In a society whose citizens have demanding family and work responsibilities, few Americans have the time, expertise, or the inclination to throw themselves into the challenge of making schools better. Like people who inhale second-hand smoke, Americans are increasingly breathing "second-hand democracy." Rather than taking major steps to address the issues that can ensure quality public schools and teaching for all young people, Americans seem content to watch a small, committed group of activists take the lead.
In fact, fewer than half of Americans say they are actively involved in public schools. Many want to help but in limited ways and often only when motivated by a life-or-death crisis.
The following report, Action for All: The Public's Responsibility for Public Schools, is based on a national survey of those who are registered voters -- who, perhaps not coincidentally, are the Americans most likely to take civic action. The report seeks to assess the extent to which the public is supporting -- or failing -- its schools. In an era of accountability in public education, the report seeks to define what the public should be held accountable for. More specifically, the report is designed to provide some useful answers for educators and policymakers about a range of issues: How does the public define its own responsibility for public education? What motivates the public to act? What kind of information does the public need to become better informed, and to whom does the public look to for reliable and trustworthy information?
This report is the first product of a new partnership between the Public Education Network (PEN), the nation's largest grassroots advocacy network for school improvement, and Education Week, the nation's newspaper of record in precollegiate education. Each year for the next five years, PEN and Education Week will release a new national survey that will further explore different aspects of public responsibility for public schools.
The bad news is that Americans say they have only three hours or fewer available to them each week to do anything to improve public schools.

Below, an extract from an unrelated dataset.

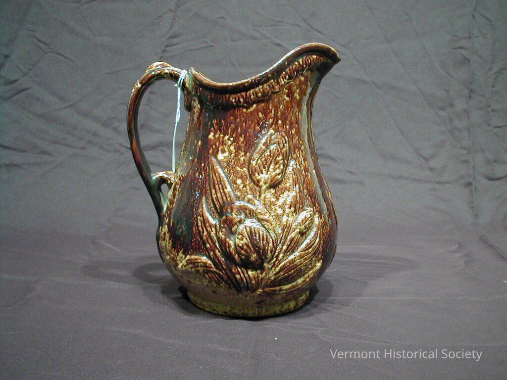 Unmarked ceramic pitch with dark brown mottled glaze. The body of the pitcher is molded with a design of tulips.

The good news is that the public actions required to ensure that schools are improving are not that difficult, expensive, or time consuming.
What Americans say they can and should do is to better perform their traditional civic duties -- becoming better informed about education, increasing the pressure on elected officials to do whatever it takes to get better results for a broader range of students, and exercising their responsibility to vote as knowledgeable education consumers.
In fact, if Americans were to do one thing that could make schools better it would simply be to become "education voters," who know the issues, know the candidates' positions, and use the power of the voting booth to improve schools.